What is Inheritance?

Ruby is an object-oriented programming language, and thus allows for inheritance. This allows the programmer to inherit the characteristics of one Ruby class into another Ruby class, which is called the superclass. Why would we want this? Well, let's be honest here. Programmers are lazy. Inheritance allows us to reuse code. Less typing, more happy.

How to understand inheritance

In our everyday lives, different things are related to each other in various ways. For example, there are many different brands of "cars" such as Honda, Toyota, Subaru, etc. Though they are different brands of cars, they are still all "cars" that have the same characteristics at their core.
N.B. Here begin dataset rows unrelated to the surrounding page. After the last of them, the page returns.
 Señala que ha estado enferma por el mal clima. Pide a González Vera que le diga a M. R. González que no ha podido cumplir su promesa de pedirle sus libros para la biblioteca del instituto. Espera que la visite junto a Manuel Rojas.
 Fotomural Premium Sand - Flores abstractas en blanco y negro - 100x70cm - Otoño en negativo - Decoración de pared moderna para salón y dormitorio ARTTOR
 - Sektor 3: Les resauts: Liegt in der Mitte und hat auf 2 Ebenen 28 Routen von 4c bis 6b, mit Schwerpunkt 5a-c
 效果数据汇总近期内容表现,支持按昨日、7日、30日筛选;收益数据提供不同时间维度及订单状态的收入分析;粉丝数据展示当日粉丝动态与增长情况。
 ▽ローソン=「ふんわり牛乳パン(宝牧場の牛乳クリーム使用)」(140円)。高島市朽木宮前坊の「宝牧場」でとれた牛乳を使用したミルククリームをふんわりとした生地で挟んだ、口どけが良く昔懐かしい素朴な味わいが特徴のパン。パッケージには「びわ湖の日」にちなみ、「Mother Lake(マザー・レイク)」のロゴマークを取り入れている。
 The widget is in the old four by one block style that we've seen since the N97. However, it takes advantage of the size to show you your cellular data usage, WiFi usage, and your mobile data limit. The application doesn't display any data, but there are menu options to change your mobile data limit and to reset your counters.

A less hierarchal example would be a class of "students" and a class of "programmers" and how they interact. Not all students are programmers, but all programmers are students(if we are talking about students in a school).

This translates very well with Ruby. The use of inheritance in Ruby allows us to create classes that have shared behaviors, while also still having their differences.

Super Class and Subclass

The class which is inheriting is a subclass. A subclass has access to all of the methods of its parent, or super class. Back to our previous example, "Honda" is a subclass of "car" and so "Honda" is our subclass and "car" is our super class.
From "car" we might inherit that a car has four wheels, or a car is 6 windows. However some cars may be electric, while some may be gas. The use of inheritance in programming allows us to inherit methods that can be useful to many different subclasses, while allowing them to also contain their own unique characteristics.

How do we inherit from another class?

There is a very simple syntax to say you want to inherit from another class in Ruby. It looks like this:

class Honda < Cars
//Code goes here
end

We now have access, through inheritance, to whatever is in the "Cars" class!

We can also find the super class of a class but using the .superclass method:
Honda.superclass in our example, would return "Car" => Car

Using our inherited methods

Now that we have set up our inheritance, we can use the .super method call to refer to methods from our super class for use in our subclass!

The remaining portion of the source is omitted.